In more than 26 years at the newspaper, Ajanaku covered education, the stage legislature in Nasvhille, and numerous other major beats, while also serving as a deputy metro editor and in other key jobs.
Significantly, in 1981, he created the newspaper’s first “minority affairs” beat.
“Initially, I didn’t like the idea,” Williams said, in an interview. “I didn’t want to get pigeonholed as a Black affairs writer.” But he reconsidered, and determined the new so-called beat would improve coverage of the Black community.
Said Sanford: “He turned it into an outstanding part of the newspaper that didn’t just cover Black events, it explained African-American life to Commercial Appeal leaders.” He cited as particularly “groundbreaking” a series of profiles published under the title “Black Mosaic.” Explaining the concept in a 1983 column at the end of the series, Ajanaku wrote: “Blacks and whites each have some distinct traditions, likes and desires. The Black Mosaic has tried to bridge those differences and illustrate how they can be sources of strength instead of division; of understanding instead of hatred; of progress instead of stagnation.”

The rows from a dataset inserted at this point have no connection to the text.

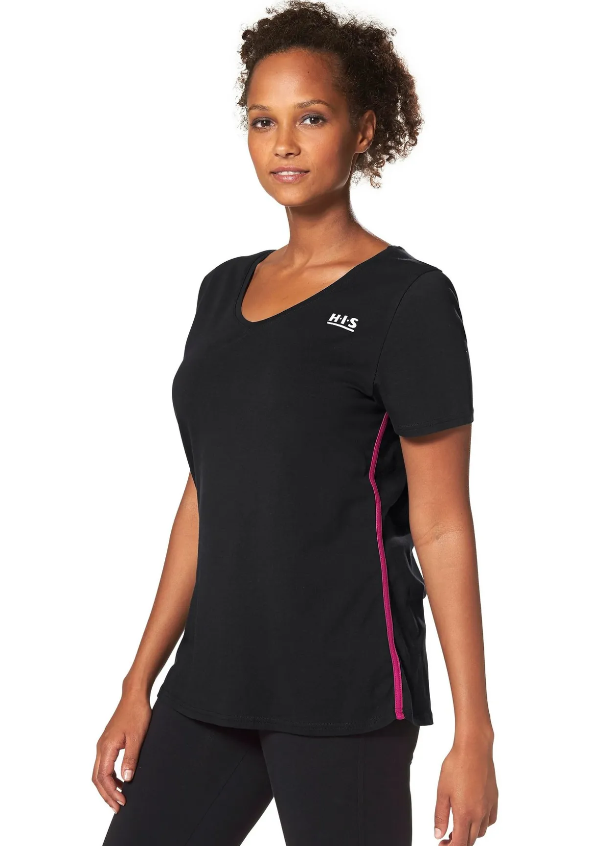 Unkompliziertes Damen-T-Shirt der Marke H.I.S. Mit einem hüftbedeckenden und figurumspielenden Schnitt. Es ist mit einem coolen Logodruck versehen. Das T-Shirt kommt mit einem vielseitigen Look, der für Sport und Alltag gut geeignet ist. Das Oberteil ist durch die weiche Baumwoll-Qualität angenehm zu tragen.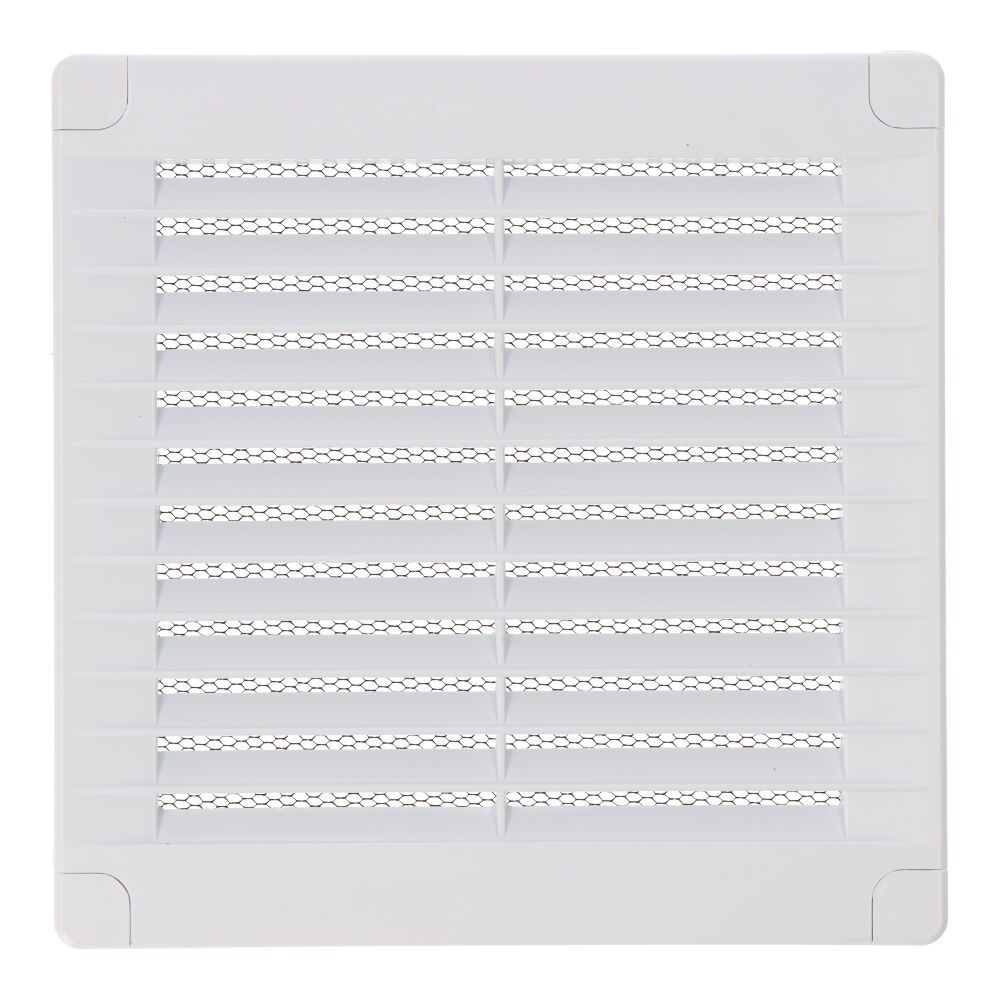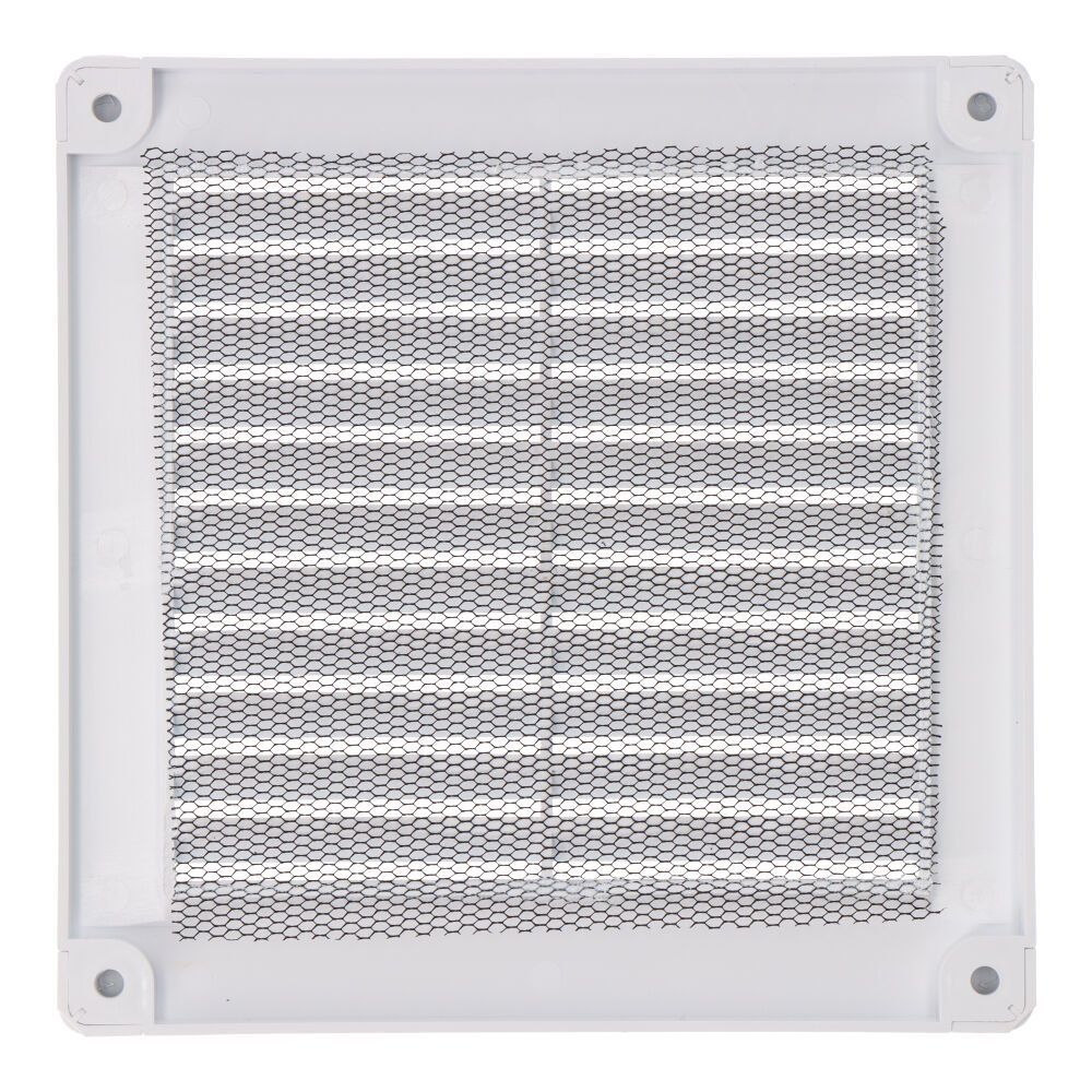 Rejilla Ventilación De Plástico, Cuadrada Con Tapones Y Mosquitera 150X150X7Mm Blanca
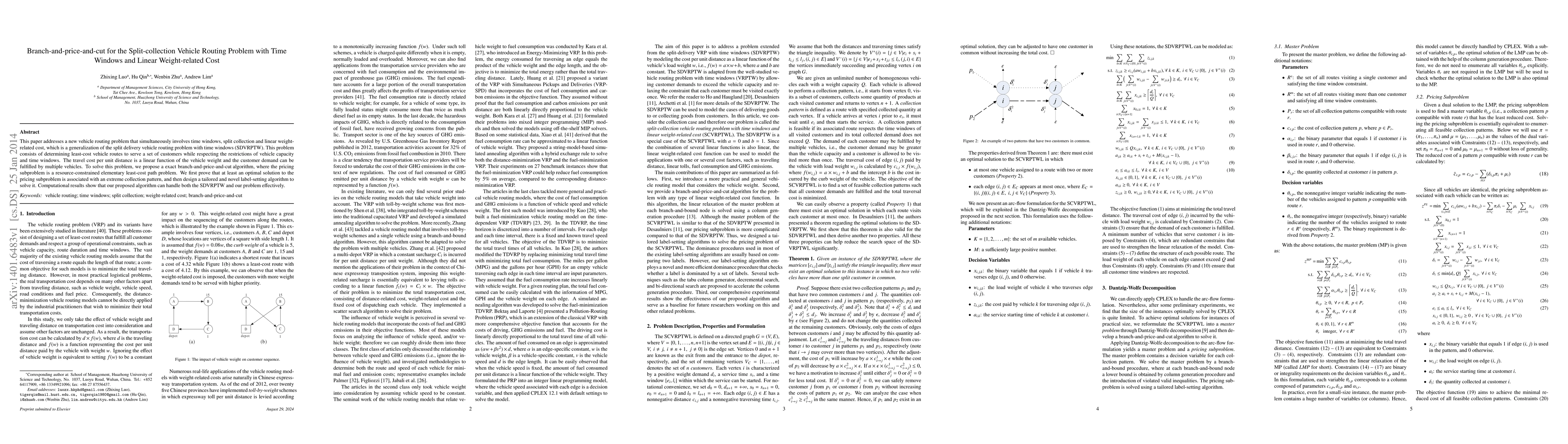 This paper proposes a branch-and-price-and-cut algorithm to solve a generalized split-collection vehicle routing problem with time windows and linear weight-related costs. The algorithm efficiently determines least-cost routes respecting vehicle capacity and time windows, and computational results demonstrate its effectiveness.

In 1986, Leroy Williams Jr. legally changed his name to Karanja Ajanaku — a decision that Memphis magazine characterized as “a reflection of his heightened cultural awareness.” By that time, he had traded the 1970s afro and wide ties with which he’d arrived at the newspaper for a dreadlocks hairstyle and colorful kente-cloth dashikis. He was to a large extent influenced by the philosophy of Nkosi Ajanaku, whose North Memphis-based “Ajanaku African American Research Institute” in the 1980s and ’90s generated both support and controversy with an “Ajanaku family” lifestyle and a teaching program that emphasized the importance of cultural identity while also disavowing affirmative action and other legislative initiatives that classified citizens by race.
“Karanja was trying to understand who he really was,” Sanford said. “And he didn’t feel as if he was someone named ‘Leroy.'”
In an interview in Memphis magazine, Ajanaku said the name change affirmed his recognition of his career-long sense of responsibility — “a consciousness about the need to be active as an African-American person.”
But if his talk could be heavy, Ajanaku never lost his light touch, his love of a joke, or his droll sense of humor.
In 2007, Ajanaku became executive editor of the Tri-State Defender, a newspaper aimed at Black audiences that was seeking to elevate its journalistic profile and rejuvenate its commercial fortunes. He never had the newsroom resources to restore the influence of the Defender in its heyday, but the job enabled him to continue his career-long commitment to be “a voice for the African-American community,” he told Memphis magazine, and an “advocate” for the importance of education.
“We’ve got people who are growing up that can’t read,” he said. “And many who can, can’t read in context. They can’t comprehend stuff… If you’re going to live in a democratic republic, you’re going to live where the individual has to be informed, and if he doesn’t have the tools to take in the information and make informed decisions, you’ve got a problem.”
Ajanaku leaves his twin children, daughter Jamila Ajanaku, of Phoenix, Arizona, and son Karanja Ajanaku Jr., of Nashville; a sister, Jacqueline Broadus of Reno, Nevada; two brothers, Randy Williams of Kansas City, Missouri, and Ronald Williams of Leavenworth, Kansas; and six grandchildren.
Funeral information is incomplete at this time.